Partly wash away carbon dioxide and hydrogen sulfide.This obtains CO2And H2The fluid streams and CO of S dilutions2And H2The absorption of S loads
Agent.
Absorber used is for the washing facility of conventional gas washing process.Suitable washing facility is, for example, to have nothing
Rule filler, the tower with structuring filling and with column plate, membrane contactor, radial flow washer, jet scrubber, venturi are washed
Device and rotor spray washer, the preferably tower with structuring filling, with random packing and with column plate are washed, is more preferably had
Column plate and the tower with random packing.Fluid streams use absorbent countercurrent treatment preferably in tower.Usually by fluid infeed tower
Lower area, and by the upper area of absorbent infeed tower.Sieve plate, bubble cap tray or valve plate, liquid are installed in plate column
Body flows over.Tower with random packing can be filled with different formed bodies.Pass through the surface area as caused by formed body
Increase improve heat transfer and mass transfer, the size of the formed body is typically about 25-80mm.Known example be Raschig ring (in
Hollow cylinder), Pall ring, Hiflow rings, Intalox saddle etc..Random packing can in an orderly manner or randomly (as
Bed) it is introduced into tower.Possible material includes glass, ceramics, metal and plastics.The random packing that structuring filling is ordered into
One step develops.They have ordered structure.Therefore, the pressure drop in air-flow being reduced in the case of the structuring filling.In the presence of
The design of various structuring fillings, such as fabric filler or sheet metal filler.Material therefor can be metal, plastics, glass
And ceramics.
Absorbent temperature in absorption step is typically about 30-100 DEG C, and when using tower, such as the absorption of top of tower
Agent temperature is 30-70 DEG C, and the absorbent temperature of tower bottom is 50-100 DEG C.

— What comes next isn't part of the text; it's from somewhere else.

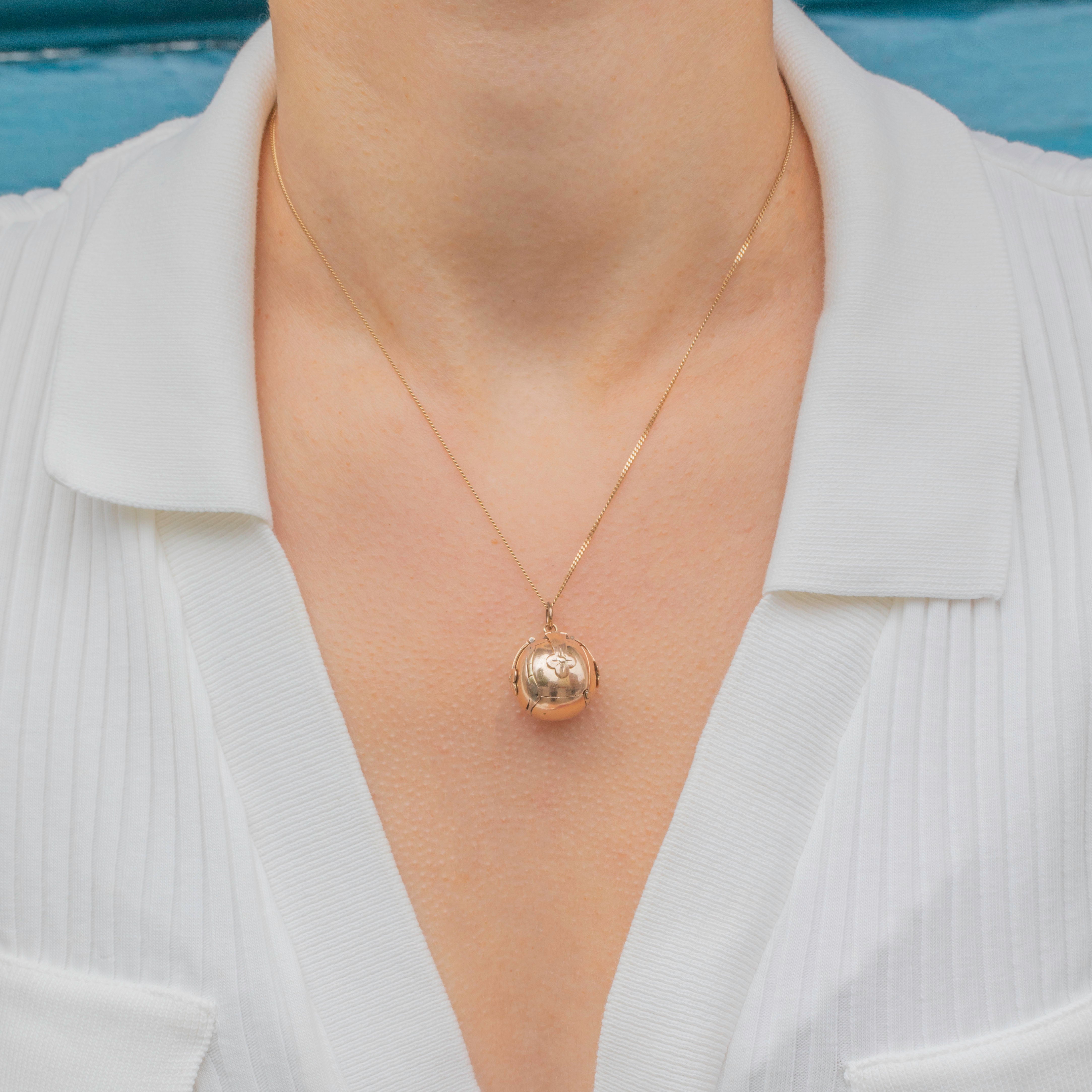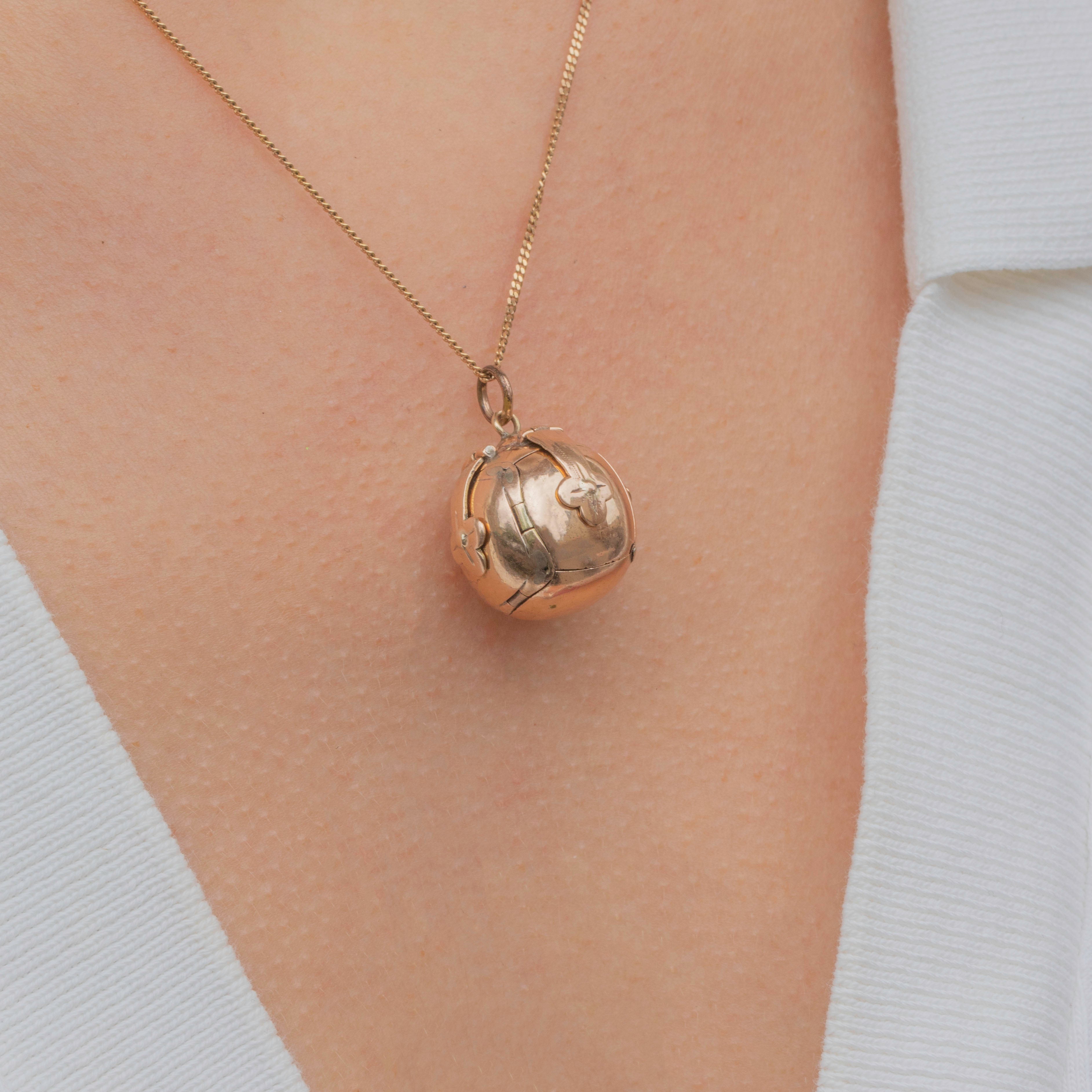 This antique 9ct Gold Masonic orb pendant is a sight to behold, with her exterior keeping the secrets of a spectacular inside. Her 9ct Gold catches light beautifully and exudes a magical glow as she rests across your décolletage.

The method of the present invention can include one or more, especially two continuous absorption steps.Absorption can be multiple
Continuous form carries out in step, in this case, make the thick gas comprising acid gas components in each composition step with absorption
The sub-stream contact of agent.The absorbent of thick gas contact may partly load acid gas, this means that it can be example
The absorbent of the absorbent or partial regeneration in the first absorption step is such as recycled to by downstream absorption step.About two
The performance that stage absorbs, with reference to publication EP 0 159 495, EP 0 190 434, EP 0 359 991 and WO 00100271.
Those skilled in the art can be by changing the condition in absorption step, such as more particularly, absorbent/fluid material
Promote the internals (such as random packing, column plate or structuring filling) of contact in the ratio between stream, the tower height degree of absorber, absorber
The remaining load capacity of type and/or absorbent regeneration, and realize and remove hydrogen sulfide to limit high selectivity level.

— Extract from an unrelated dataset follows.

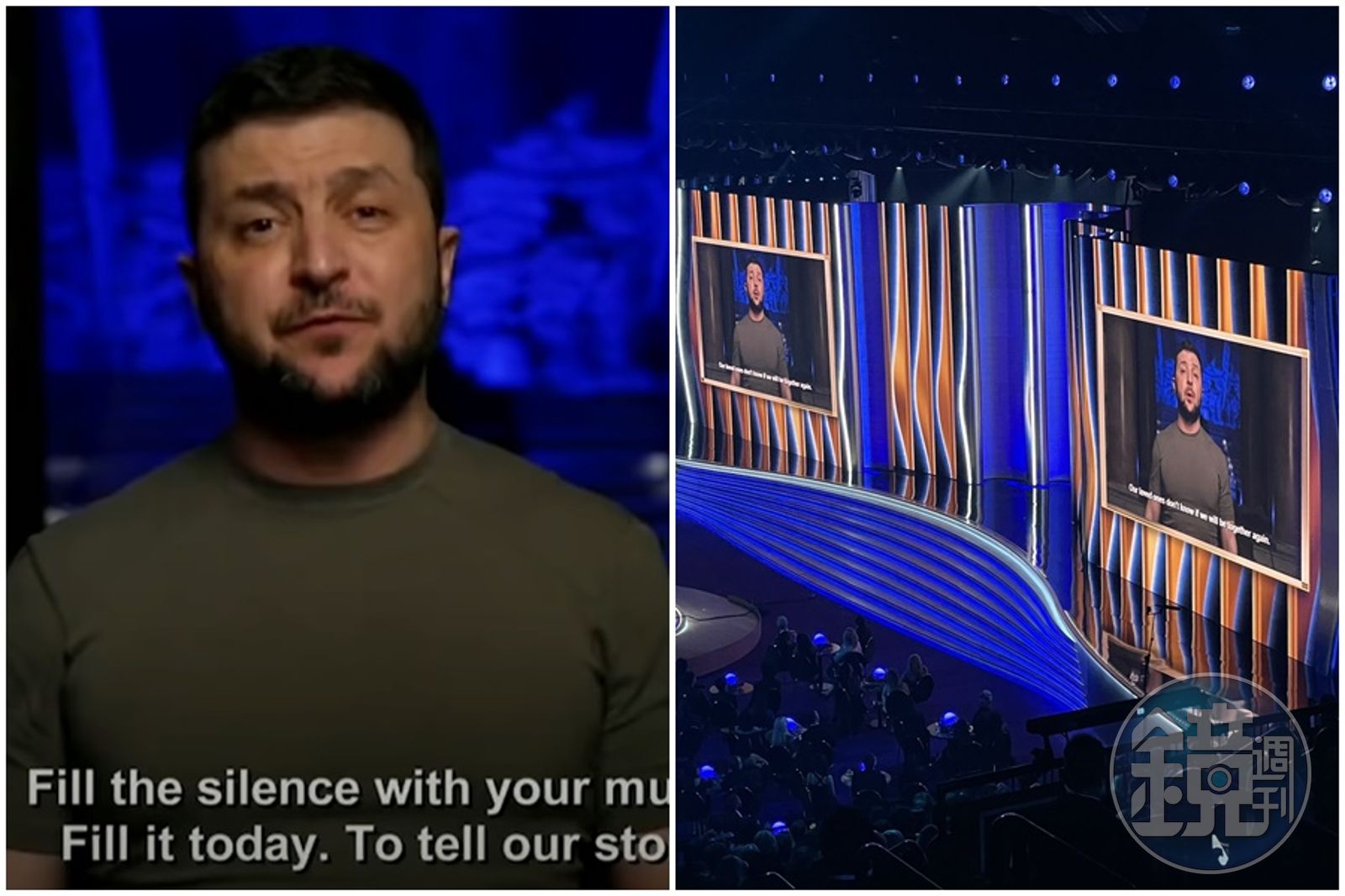 連烏克蘭總統澤倫斯基透過影片在葛萊美獎典禮上發表演說。(翻攝自推特)發布時間:2022.04.04 12:11 臺北時間

The ratio between low absorption agent/fluid streams lead to the selectivity improved;The ratio between higher absorbent/fluid streams cause compared with
Low selective absorbing.Due to CO2Compare H2S absorptions are more slowly, so in longer residence time internal ratio in the shorter residence time
It is interior to absorb more CO2.Therefore, higher tower can lead to relatively low selective absorbing.Column plate with relatively high liquid holdup or
Structuring filling also results in relatively low selective absorbing.The heat energy introduced in regeneration can be used for adjusting regenerable absorbent
The remaining load capacity of agent.The relatively low remaining load capacity of absorbent regeneration leads to improved absorption.
This method preferably includes regeneration step, wherein load is made to have CO2And H2The absorbent regeneration of S.In regeneration step,
CO2And H2S and optionally other acid gas components are by having loaded CO2And H2It discharges to obtain regenerable absorbent in the absorbent of S
Agent.Preferably, then absorbent regeneration is recycled in absorption step.In general, regeneration step includes heating, decompression and with lazy
At least one of property steam stripped measure of fluid.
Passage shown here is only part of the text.